[SOURCE DATA]:
- Opening Delimiter -

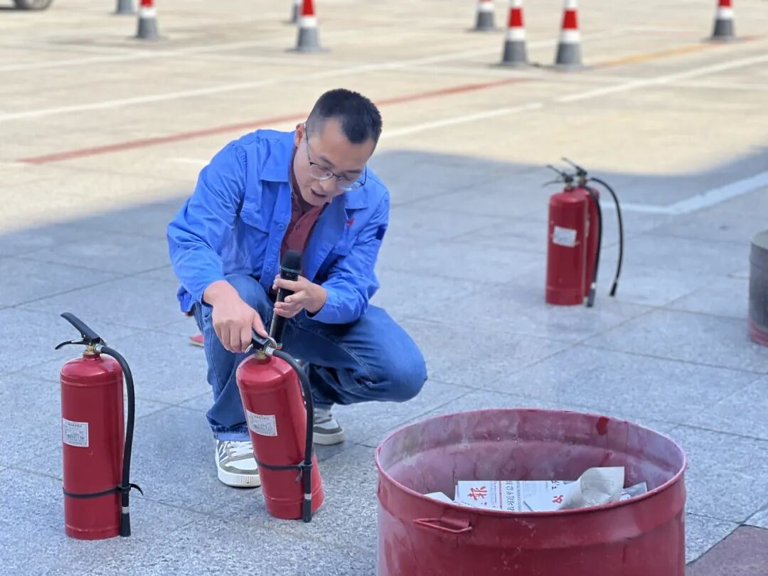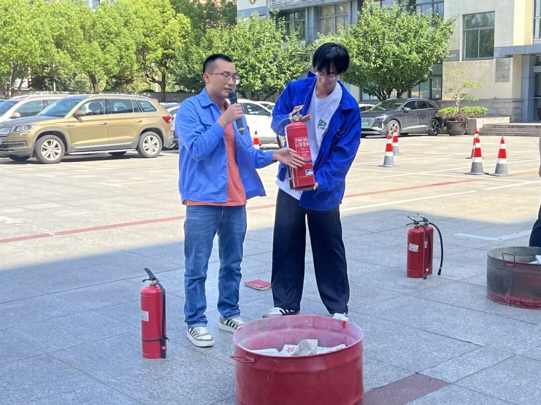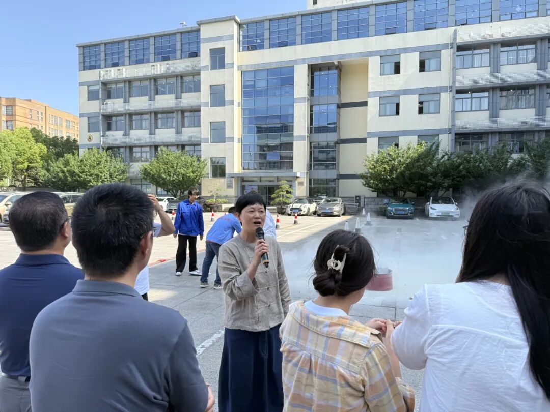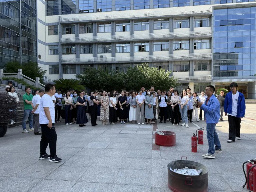 点评结束后,演练进入实战环节。消防员现场详细讲解并示范了干粉灭火器“提、拔、握、压”四步操作法。学院食堂、物业、保安、图书馆等重点要害部门人员率先上场实操。面对模拟火源,食堂师傅迅速判断风向,精准喷射,火焰应声而灭;物业人员在消防员的指导下,从初时的紧张到顺利完成扑救。大家轮番上阵,在“真枪实弹”的操作中掌握了灭火器的正确使用技巧。 活动尾声,学院副院长丁馨对本次演练进行了总结。她强调:“安全无小事,责任重于山。本次演练检验了预案,锻炼了队伍。全院上下要以‘安全生产月’为契机,将应急演练常态化,确保人人掌握必备逃生技能和初期火灾处置能力,时刻保持警惕,为全体教师筑起一道坚实可靠的安全屏障,全力建设平安学院。” 本次演练以“演”促防,以“练”备战,不仅强化了教职工的消防安全意识和自救互救能力,更检验了学院应急体系的响应速度与协调水平,为营造安全、稳定、和谐的学院环境奠定了坚实基础。安全之弦,常紧不松;生命防线,你我共筑。
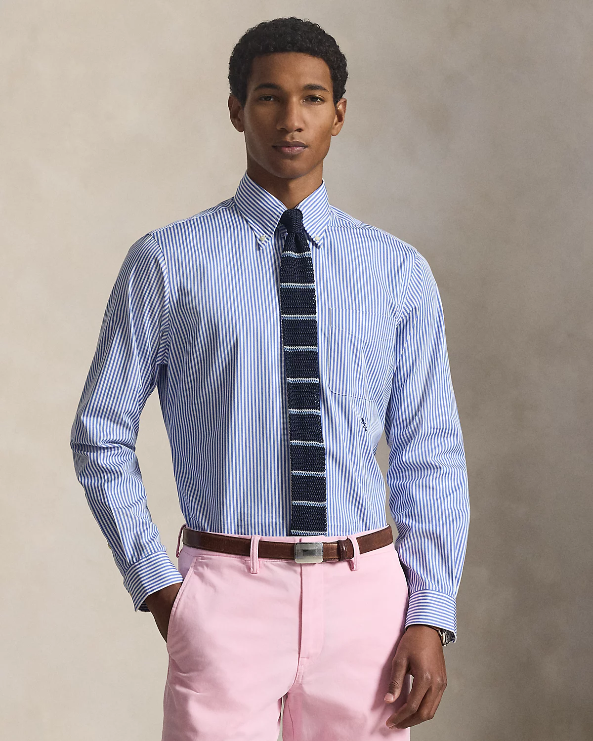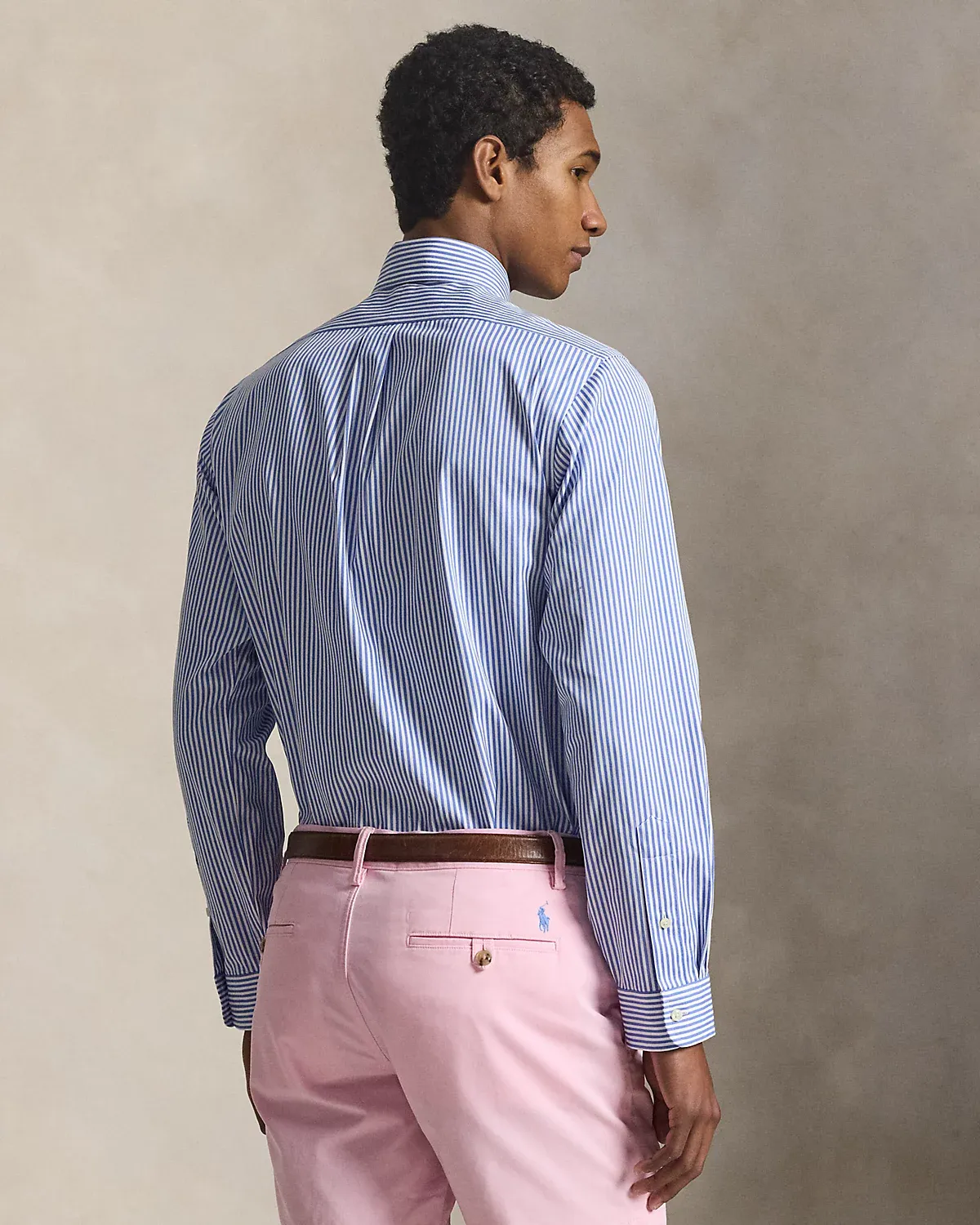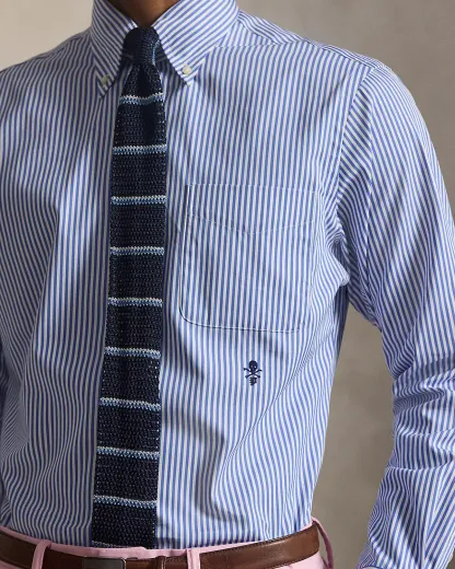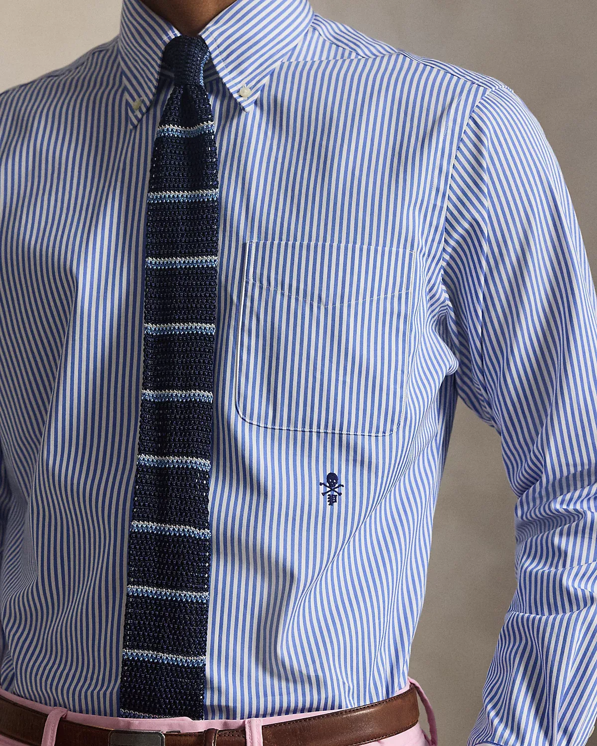This striped shirt is crafted with silky cotton poplin and features signature embroidery at the front left.
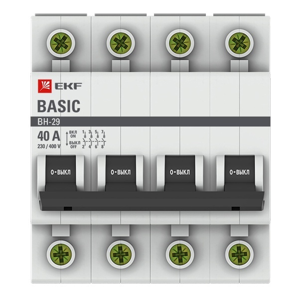 Четырехполюсный выключатель нагрузки ВН-29 EKF Basic, номинальный ток 40 Ампер SL29-4-40-bas

- Closing Delimiter -

[YOUR INSTRUCTIONS]:
Each line above is to be duplicated exactly, and the pictures are to be omitted.

[EXERCISE RESPONSE]:
 点评结束后,演练进入实战环节。消防员现场详细讲解并示范了干粉灭火器“提、拔、握、压”四步操作法。学院食堂、物业、保安、图书馆等重点要害部门人员率先上场实操。面对模拟火源,食堂师傅迅速判断风向,精准喷射,火焰应声而灭;物业人员在消防员的指导下,从初时的紧张到顺利完成扑救。大家轮番上阵,在“真枪实弹”的操作中掌握了灭火器的正确使用技巧。 活动尾声,学院副院长丁馨对本次演练进行了总结。她强调:“安全无小事,责任重于山。本次演练检验了预案,锻炼了队伍。全院上下要以‘安全生产月’为契机,将应急演练常态化,确保人人掌握必备逃生技能和初期火灾处置能力,时刻保持警惕,为全体教师筑起一道坚实可靠的安全屏障,全力建设平安学院。” 本次演练以“演”促防,以“练”备战,不仅强化了教职工的消防安全意识和自救互救能力,更检验了学院应急体系的响应速度与协调水平,为营造安全、稳定、和谐的学院环境奠定了坚实基础。安全之弦,常紧不松;生命防线,你我共筑。
This striped shirt is crafted with silky cotton poplin and features signature embroidery at the front left.
 Четырехполюсный выключатель нагрузки ВН-29 EKF Basic, номинальный ток 40 Ампер SL29-4-40-bas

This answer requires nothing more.